If your system is powered-on manually or by a remote macro, you might be able to avoid the on thump by having the sub power up first with a delay before the AVR comes on.


----------



## Guitar1969 (Oct 19, 2006)

zlensman said:


> This is what the audiophiles call "turn on thump". Try googling on it. Post on a forum where the audio gurus hang out.
> 
> I would not expect a modern-day, home theater AVR to have an on thump problem. My Sony, for example, has about a 3-4 second delay from power on until playback. This gives the amps a chance to warm up and prevents turn on thump.
> 
> ...


It is not really a thump - It almost sounds like a computer generated sound ,similar to when hitting the <Enter> key on a menu(Not sure how else to desacribe it) That's why I thought it was a sound being sent by the VIP622. My Subwoofer is separately powered, so it is receiving the turn on signal from the 1 Subwoofer line level RCA cable. My subwoofer also sits in a standby mode until it gets a powered on signal.

Its odd


----------



## zlensman (Jan 15, 2006)

Guitar1969 said:


> Its odd


Hmmm. This is odd alright. You have described the sound as a computer pop or a beep or computer generated. Thing is, most powered subs only produce frequencies below 150 Hz. So, it shouldn't be able to produce a pop or beep because those noises, generally, have high frequency components. Maybe the sound isn't coming from the sub? Very strange.



> It almost sounds like a computer generated sound ,similar to when hitting the <Enter> key on a menu


What sound is this? Are you running Windows? If it plays ding.wav or chord.wav, that's something that just about any Windows box could reproduce.


----------



## phat78boy (Sep 12, 2007)

What kind of sub do you have? I have heard what you describe from a couple powered subs before. One of them being an older yamaha sub. Except for newer and higher end subs, it seems like a lot of subs give off a quick noise when switched on from a receiver.


----------



## Guitar1969 (Oct 19, 2006)

phat78boy said:


> What kind of sub do you have? I have heard what you describe from a couple powered subs before. One of them being an older yamaha sub. Except for newer and higher end subs, it seems like a lot of subs give off a quick noise when switched on from a receiver.


Its a JBL 12" 250Watt E250P. I contacted JBL and this is the answer - sounds right on:

"Good afternoon and thank you for your inquiry. A slight chirp or pop
is
normal when the sub is coming out of standby. It just means the source
is sending a signal to the sub and the sub is waking up. However, if
it
pops randomly during programs and DVD movies, there may be an issue
with
the sub. Please note, if there is a lot of dialog during a movie, the
sub may go into standby mode, then when bass passages hit, it will come
out of standby and the slight chirp may occur.

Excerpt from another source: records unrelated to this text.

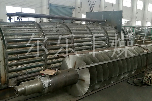 圓盤攪拌干燥機(jī)是以導(dǎo)熱油或蒸汽作為加熱介質(zhì),軸端裝有熱介質(zhì)導(dǎo)入、導(dǎo)出的旋轉(zhuǎn)接頭。加熱介質(zhì)進(jìn)入干燥機(jī)轉(zhuǎn)子內(nèi)腔,將轉(zhuǎn)子加熱以傳導(dǎo)加熱的方式對(duì)污泥進(jìn)行加熱干燥。同時(shí)在干燥機(jī)的筒體夾套內(nèi)也導(dǎo)入加熱介質(zhì)對(duì)污泥物料進(jìn)行加熱干燥,蒸發(fā)污泥中的水分。
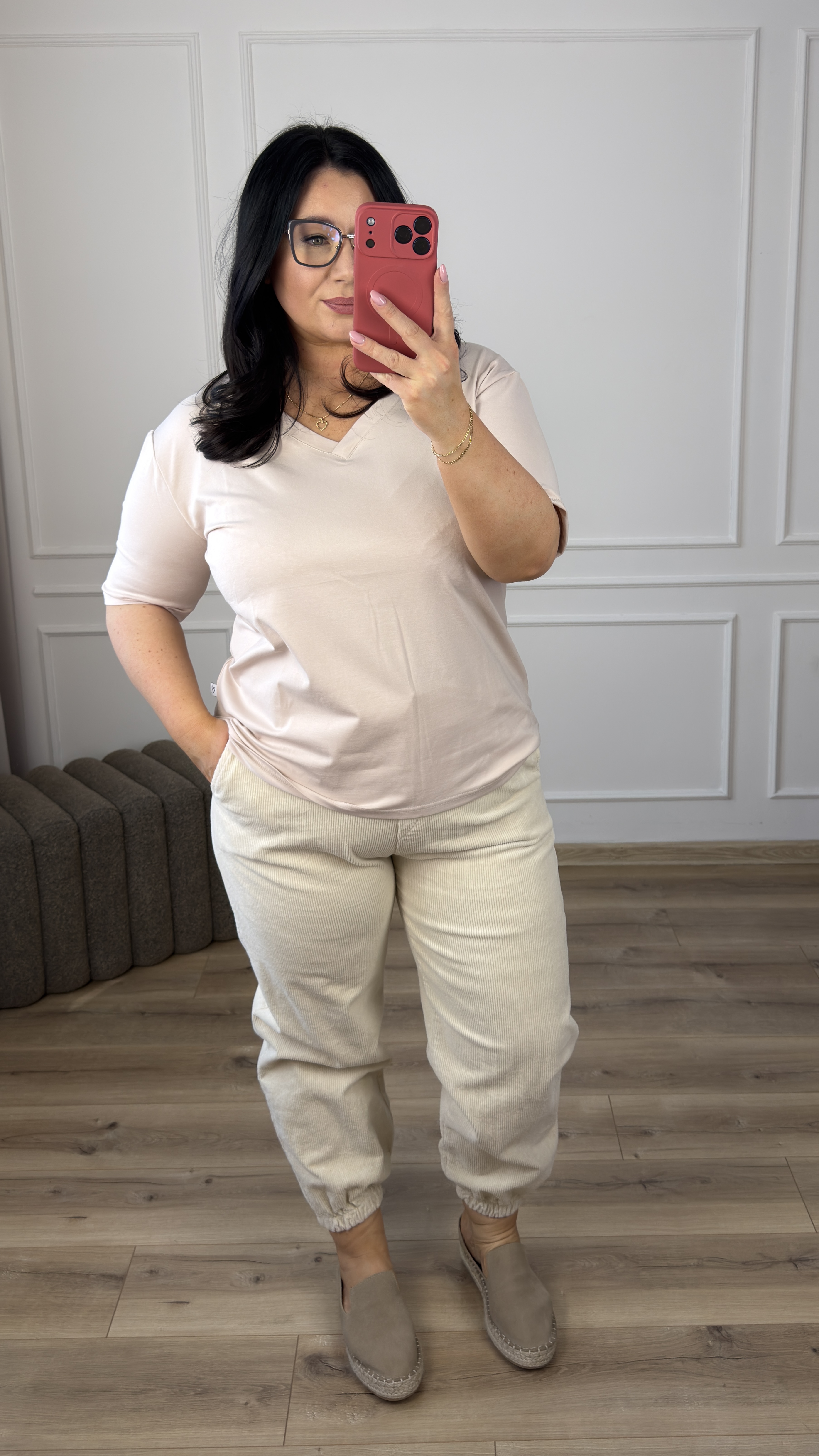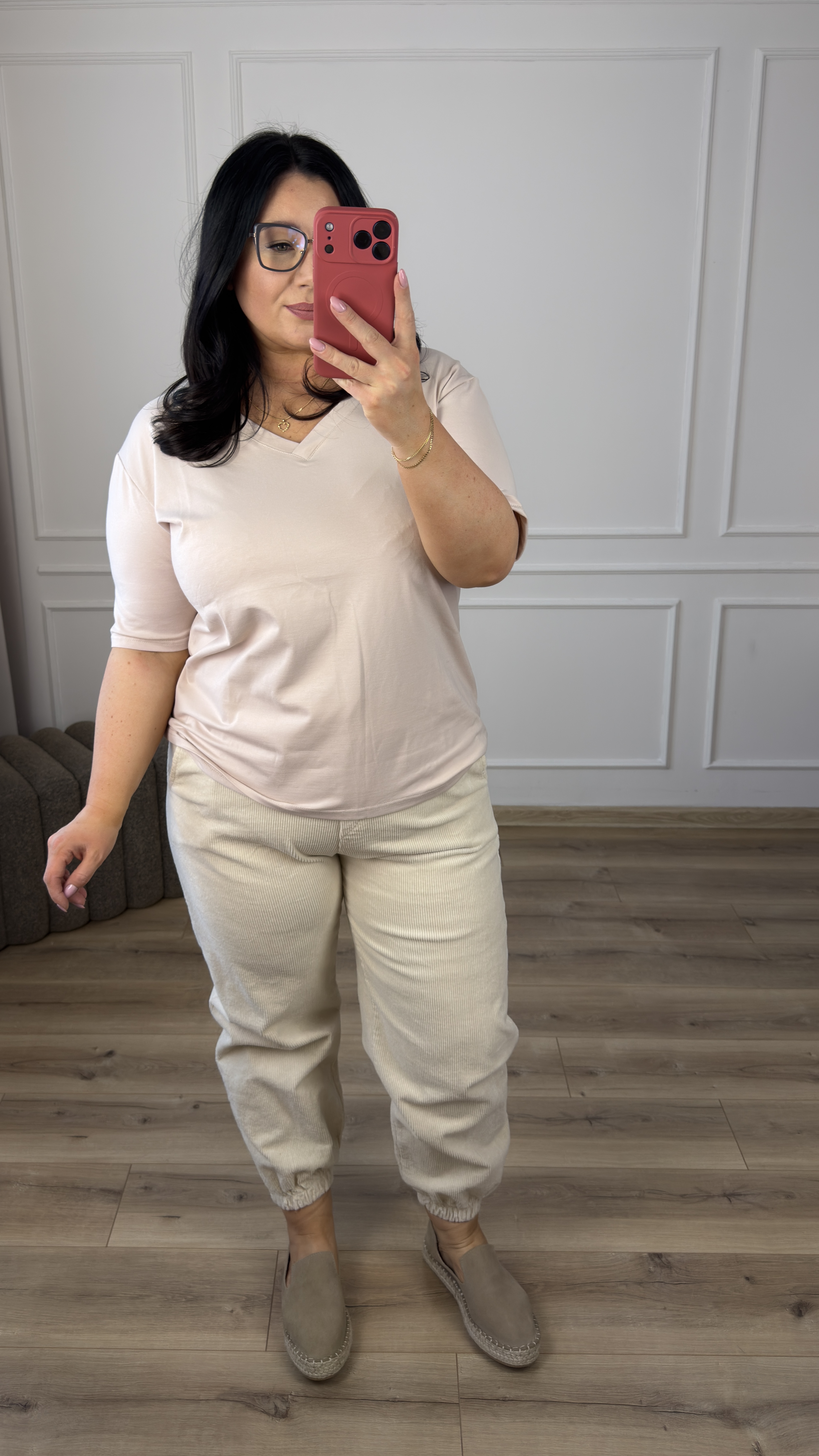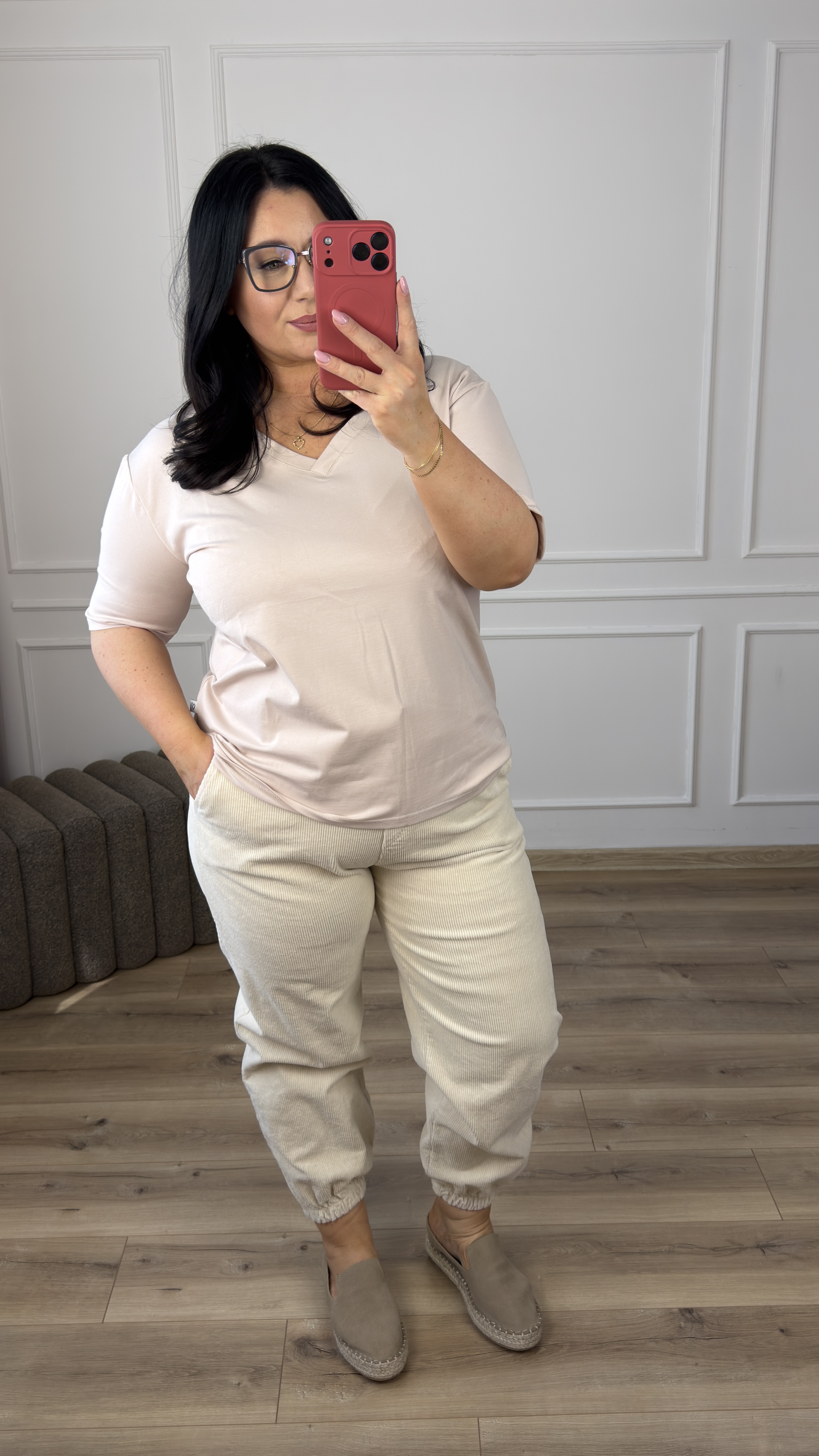 Klasyczny t-shirt grubszej bawełny polskiego producenta. O klasycznym kroju, posiada dekolt w serek idealnie sprawdzi się przy większym biuście. Krótki rękaw, dłuższy w stanie. Model dzięki swojej uniwersalności świetnie sprawdzi się jako baza do większości wiosennych stylizacji.
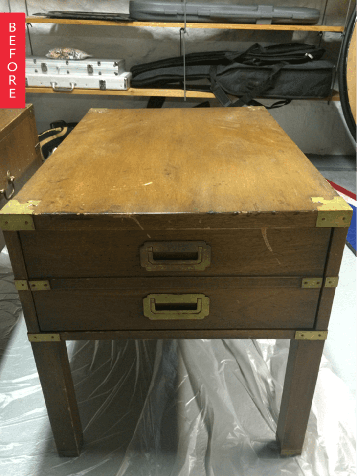 Claire scored a deal on a pair of campaign nightstands, that, despite the brass being in good shape, could use some refinishing. She didn’t really need the bedroom storage, so she put them to use in the living room:
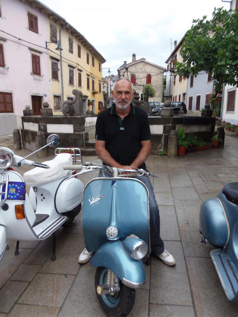 Stipančić se dovezao na najstarijoj vespi susreta iz 1951. godine, modelu V30T. Rekao nam je da je prošli tjedan sudjelovao na svjetskom skupu vespista u Saint Tropezu u Francuskoj te da kod kuće ima sedam vespi što je skromno jer ih neki od članova Vespa kluba Istra Pula imaju i dvadesetak.
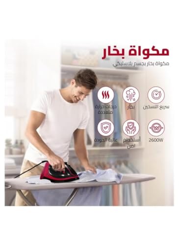 Generic - جهاز كي بخار من هوم جولد للكي بدون مجهود مع تسخين سريع وأوضاع مزدوجة وميزات أمان متقدمة - قدرة 2600 وات، طلاء سيراميك، وتحكم متغير في البخار، HG-803 (أحمر)
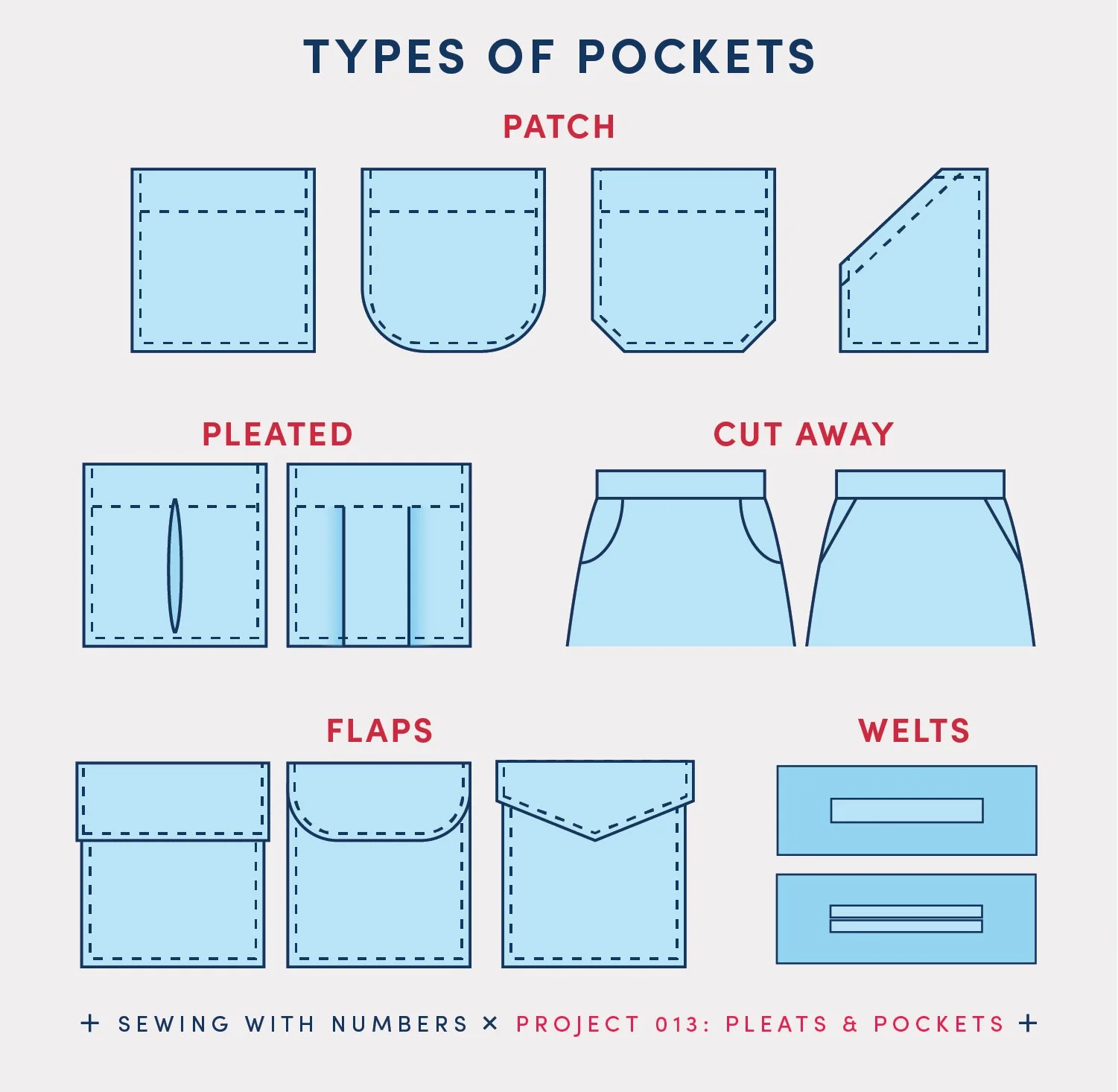 If you’re interested in drafting your own pockets, check out this post on my Substack Sewing WIth Numbers that will give you all the details. See the image above for a few of the pockets covered in the tutorial.
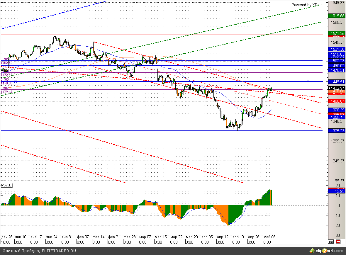 Российский рынок завершил предпраздничную торговую сессию ростом. При этом если в первой половине торгов наблюдалось достаточно вялое коррекционное движение, то после открытия американского рынка «быки» вновь взяли инициативу в свои руки и пошли на очередной штурм 1430 по ММВБ. Закрепиться выше данной отметки к концу торгов все-таки удалось, и, индекс может отправиться к следующей цели на уровне 1450, где сейчас проходит 100 – дневная скользящая средняя и 50% коррекции по Фибоначчи.
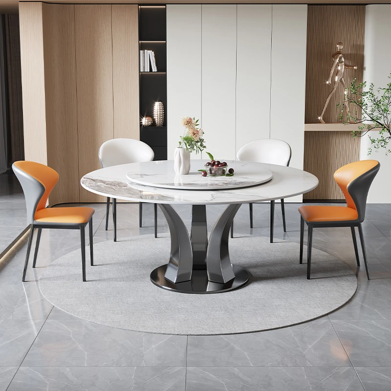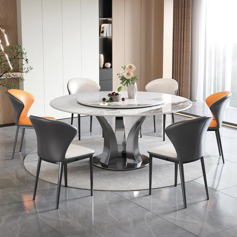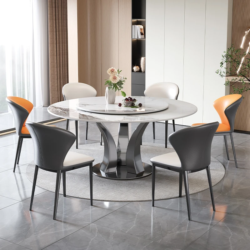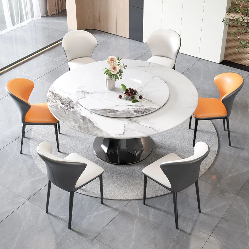 47.24in Slate Round Table + 6 Fan-Shaped Chairs
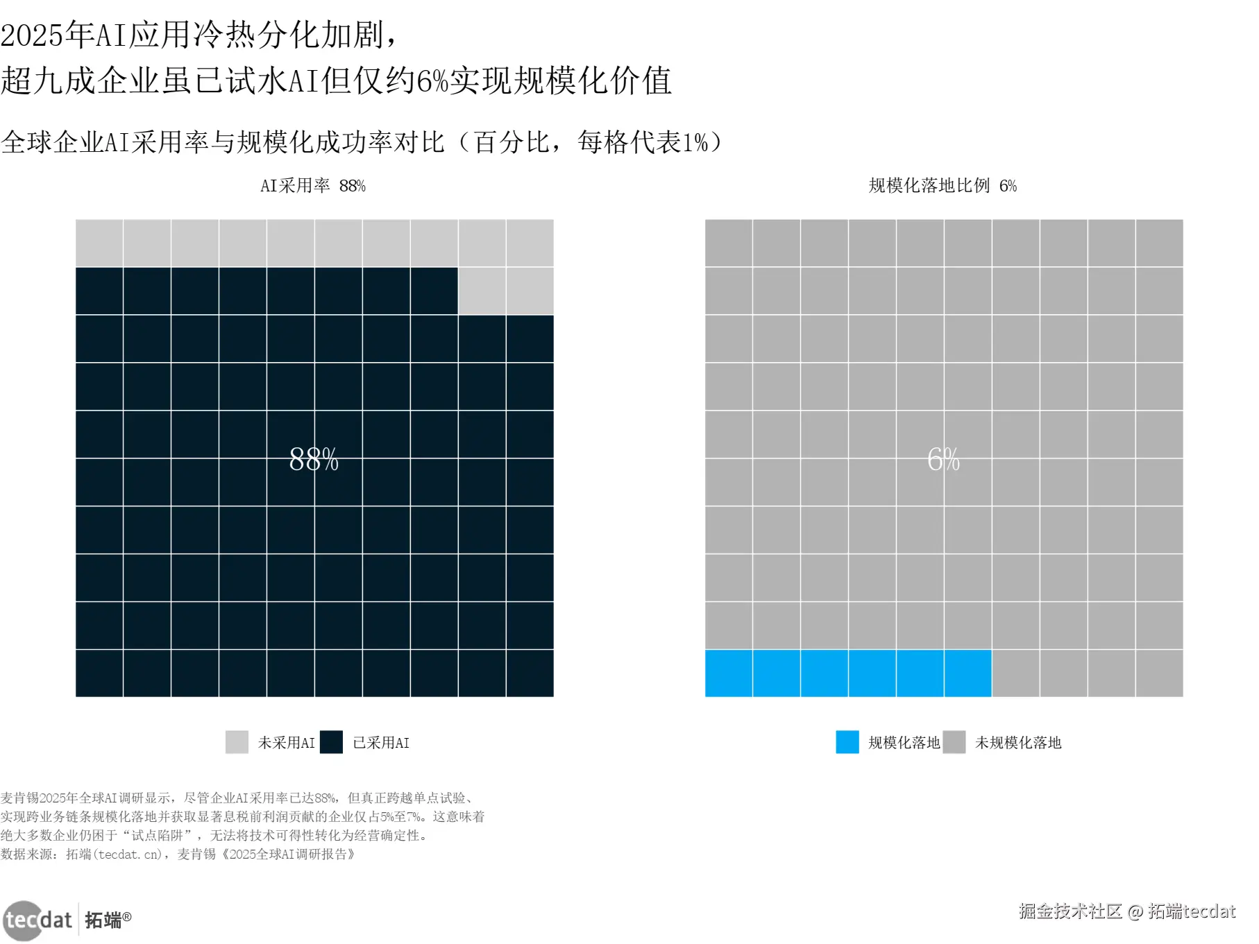 (见信息图表1:人工智能行业AI采用率与规模化成功率对比华夫图表1)

If you are concerned, you can take your unit to an authorized service
center for examination. You can find an authorized repair center
directly from our website. Please visit http://www.jbl.com and click
on
Product Support. Select your model and enter in your zip code to
locate
the nearest service centers in your area."

Sounds correct - I am getting the chirp in the middle of DVDs that are not really bass heavy, so it must be going in and out of standby periodically. Unfortunately I can't get it checked out - out of warranty(little over a year)

One thing is my new Sony 910 AV receiver had me set the crossover Freq to max on the Sub(And then it does the auto calibration) - I may try to turn down the crossover Freq to maybe minimize the Chirp. Question, can anyone recommed where to set the Subs Crossover Freq on a sub - My fronts and rears are set to large so some of the bass is being handled by them - not sure if large is the best setting for them - their Bose 2 front satellites paired with their bass box so they handle bass pretty well, and then 2 rear bookshelf Bose speakers that handle bass pretty good.

Any ideas or recommendations are appreciated.


----------



## Rob Glasser (Feb 22, 2005)

Thanks for that post. I have had the same issue and thought it might be a problem with the sub but I guess not. 

On a similar note I've noticed that ever since I got my new Pioneer TV that whenever I turn off my system (Dish 722, AVR, and TV, I get this low rumbling sound out of my sub that dwindles down to nothing over a few seconds. Really annoying. I never had this before I switched out my old Pioneer Plasma to a new Kuro model a few weeks ago. It's like some residual signal is being sent to the sub during the power off.

Anyone else seen this? Have any ideas?


----------



## phat78boy (Sep 12, 2007)

It is just as you say, the sub will go into standby mode if not used for a defined amount of time. This happens a lot in movies as there can be long dialog scenes that do not require your sub, then when the sub is needed it turns back on and you get your chirp. There are several sub companies and models of subs that do not do this. Its unfortunate that its so evident with your sub.


----------



## Guitar1969 (Oct 19, 2006)

phat78boy said:


> It is just as you say, the sub will go into standby mode if not used for a defined amount of time. This happens a lot in movies as there can be long dialog scenes that do not require your sub, then when the sub is needed it turns back on and you get your chirp. There are several sub companies and models of subs that do not do this. Its unfortunate that its so evident with your sub.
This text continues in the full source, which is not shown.